- **Exercise**
The answer is a stretch of the material below, returned exactly: the line containing "Taylor Cardigan in", the line containing "The Myles Turner", and all lines between.

- **Data in this exercise**
════════════════════

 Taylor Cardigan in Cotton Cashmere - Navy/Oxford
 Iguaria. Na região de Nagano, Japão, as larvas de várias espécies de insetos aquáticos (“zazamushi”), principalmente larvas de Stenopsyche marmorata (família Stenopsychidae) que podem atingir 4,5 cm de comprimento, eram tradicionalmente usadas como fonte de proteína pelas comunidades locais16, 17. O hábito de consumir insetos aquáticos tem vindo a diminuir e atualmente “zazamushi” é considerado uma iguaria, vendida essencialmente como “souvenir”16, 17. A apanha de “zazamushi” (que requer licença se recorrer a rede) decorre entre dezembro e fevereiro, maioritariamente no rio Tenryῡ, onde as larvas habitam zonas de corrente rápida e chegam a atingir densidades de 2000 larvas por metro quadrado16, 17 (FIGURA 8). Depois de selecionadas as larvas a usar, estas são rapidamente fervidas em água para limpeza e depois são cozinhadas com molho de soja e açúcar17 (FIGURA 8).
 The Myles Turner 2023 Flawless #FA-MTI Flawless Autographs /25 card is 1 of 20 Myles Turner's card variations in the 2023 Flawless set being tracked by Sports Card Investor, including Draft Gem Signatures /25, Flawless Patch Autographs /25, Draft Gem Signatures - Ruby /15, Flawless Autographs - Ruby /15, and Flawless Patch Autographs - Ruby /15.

════════════════════

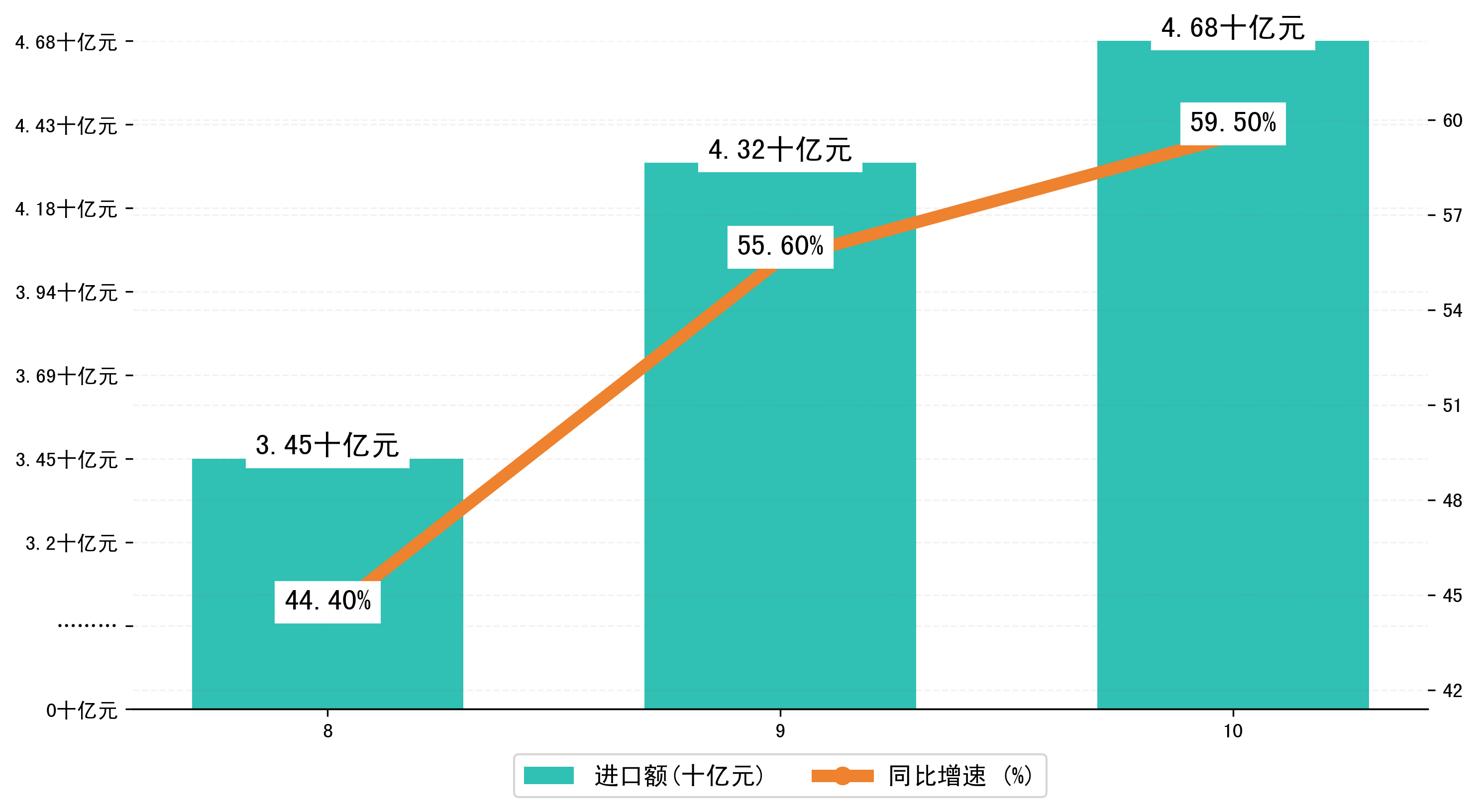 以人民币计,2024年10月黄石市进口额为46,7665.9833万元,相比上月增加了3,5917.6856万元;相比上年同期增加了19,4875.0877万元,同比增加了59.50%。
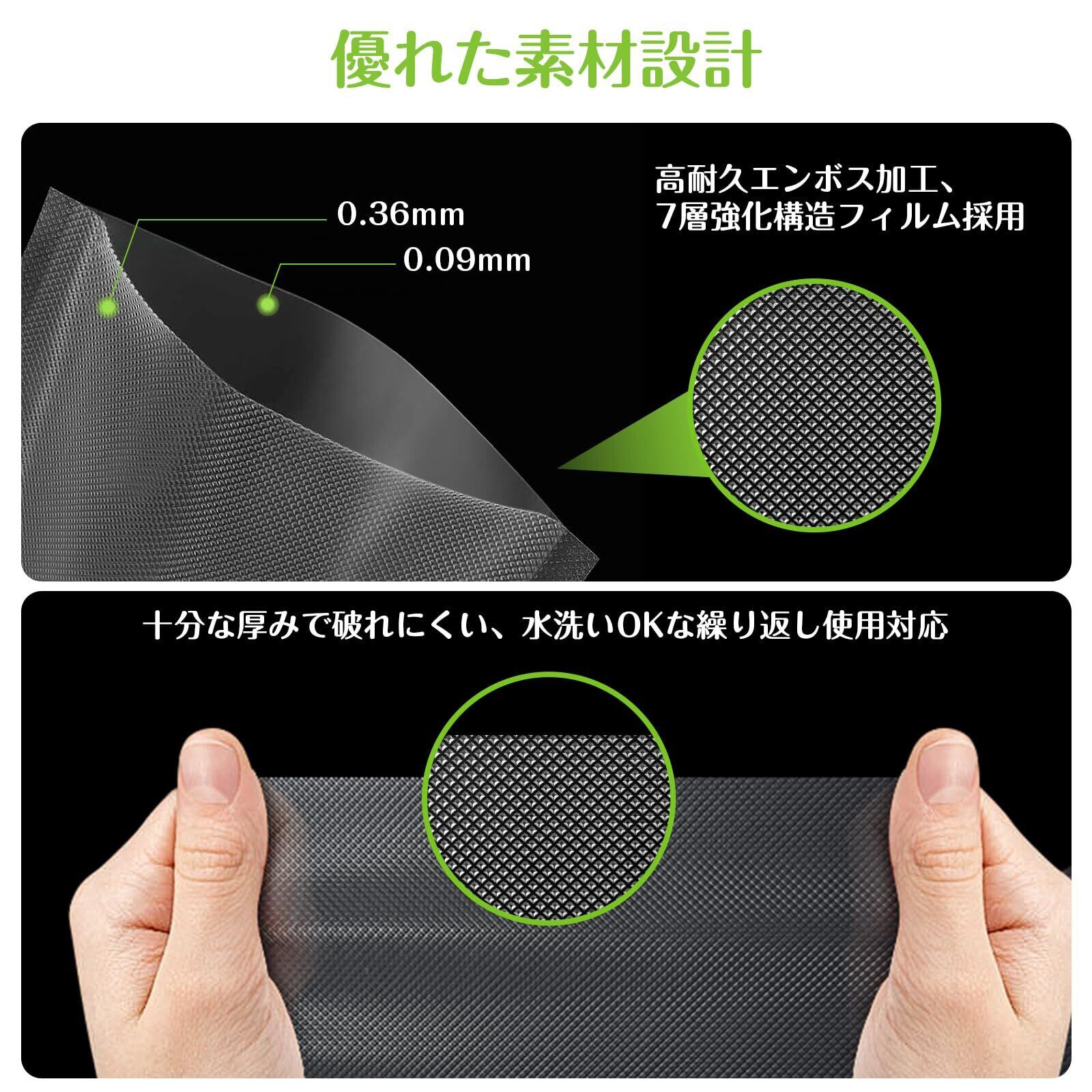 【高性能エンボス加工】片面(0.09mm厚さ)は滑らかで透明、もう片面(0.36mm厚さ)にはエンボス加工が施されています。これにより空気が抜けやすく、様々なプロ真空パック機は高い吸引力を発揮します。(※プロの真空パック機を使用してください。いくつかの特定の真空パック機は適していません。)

════════════════════

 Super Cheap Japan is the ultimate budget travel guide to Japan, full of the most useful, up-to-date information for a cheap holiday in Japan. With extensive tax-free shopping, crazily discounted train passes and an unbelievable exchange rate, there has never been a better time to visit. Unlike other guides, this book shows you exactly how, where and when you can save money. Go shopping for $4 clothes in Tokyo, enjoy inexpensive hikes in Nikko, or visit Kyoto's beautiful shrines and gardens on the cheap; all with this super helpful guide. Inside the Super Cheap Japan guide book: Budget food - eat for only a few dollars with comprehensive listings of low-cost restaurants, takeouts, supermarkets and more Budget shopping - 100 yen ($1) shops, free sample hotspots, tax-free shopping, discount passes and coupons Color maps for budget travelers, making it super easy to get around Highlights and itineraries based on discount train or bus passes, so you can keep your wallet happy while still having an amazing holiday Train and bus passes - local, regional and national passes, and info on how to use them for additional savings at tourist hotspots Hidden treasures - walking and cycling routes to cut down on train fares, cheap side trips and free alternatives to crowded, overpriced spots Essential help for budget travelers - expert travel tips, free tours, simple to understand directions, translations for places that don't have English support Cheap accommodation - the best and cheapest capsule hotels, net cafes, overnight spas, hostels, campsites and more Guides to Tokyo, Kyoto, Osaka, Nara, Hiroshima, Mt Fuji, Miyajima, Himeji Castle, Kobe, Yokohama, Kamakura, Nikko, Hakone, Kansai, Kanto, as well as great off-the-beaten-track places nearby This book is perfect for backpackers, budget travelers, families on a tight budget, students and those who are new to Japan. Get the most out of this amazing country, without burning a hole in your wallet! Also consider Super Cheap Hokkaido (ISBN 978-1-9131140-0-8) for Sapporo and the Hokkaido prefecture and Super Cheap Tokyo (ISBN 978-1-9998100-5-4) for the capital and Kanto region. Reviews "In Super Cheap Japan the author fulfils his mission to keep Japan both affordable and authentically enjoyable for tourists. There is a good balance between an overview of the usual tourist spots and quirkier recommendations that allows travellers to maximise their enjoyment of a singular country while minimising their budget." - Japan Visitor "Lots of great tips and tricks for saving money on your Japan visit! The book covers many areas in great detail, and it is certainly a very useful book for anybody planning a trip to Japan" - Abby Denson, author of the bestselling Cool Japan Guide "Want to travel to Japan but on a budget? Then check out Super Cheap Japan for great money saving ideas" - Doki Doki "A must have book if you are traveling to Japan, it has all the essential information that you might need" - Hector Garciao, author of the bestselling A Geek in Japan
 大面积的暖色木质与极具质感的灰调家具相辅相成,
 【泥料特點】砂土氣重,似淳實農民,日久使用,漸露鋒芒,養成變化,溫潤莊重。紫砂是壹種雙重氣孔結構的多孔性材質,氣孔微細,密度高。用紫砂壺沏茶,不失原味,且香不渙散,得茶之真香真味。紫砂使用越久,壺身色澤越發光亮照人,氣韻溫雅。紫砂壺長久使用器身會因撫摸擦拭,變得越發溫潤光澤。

════════════════════

- **Solution to this task**
 Taylor Cardigan in Cotton Cashmere - Navy/Oxford
 Iguaria. Na região de Nagano, Japão, as larvas de várias espécies de insetos aquáticos (“zazamushi”), principalmente larvas de Stenopsyche marmorata (família Stenopsychidae) que podem atingir 4,5 cm de comprimento, eram tradicionalmente usadas como fonte de proteína pelas comunidades locais16, 17. O hábito de consumir insetos aquáticos tem vindo a diminuir e atualmente “zazamushi” é considerado uma iguaria, vendida essencialmente como “souvenir”16, 17. A apanha de “zazamushi” (que requer licença se recorrer a rede) decorre entre dezembro e fevereiro, maioritariamente no rio Tenryῡ, onde as larvas habitam zonas de corrente rápida e chegam a atingir densidades de 2000 larvas por metro quadrado16, 17 (FIGURA 8). Depois de selecionadas as larvas a usar, estas são rapidamente fervidas em água para limpeza e depois são cozinhadas com molho de soja e açúcar17 (FIGURA 8).
 The Myles Turner 2023 Flawless #FA-MTI Flawless Autographs /25 card is 1 of 20 Myles Turner's card variations in the 2023 Flawless set being tracked by Sports Card Investor, including Draft Gem Signatures /25, Flawless Patch Autographs /25, Draft Gem Signatures - Ruby /15, Flawless Autographs - Ruby /15, and Flawless Patch Autographs - Ruby /15.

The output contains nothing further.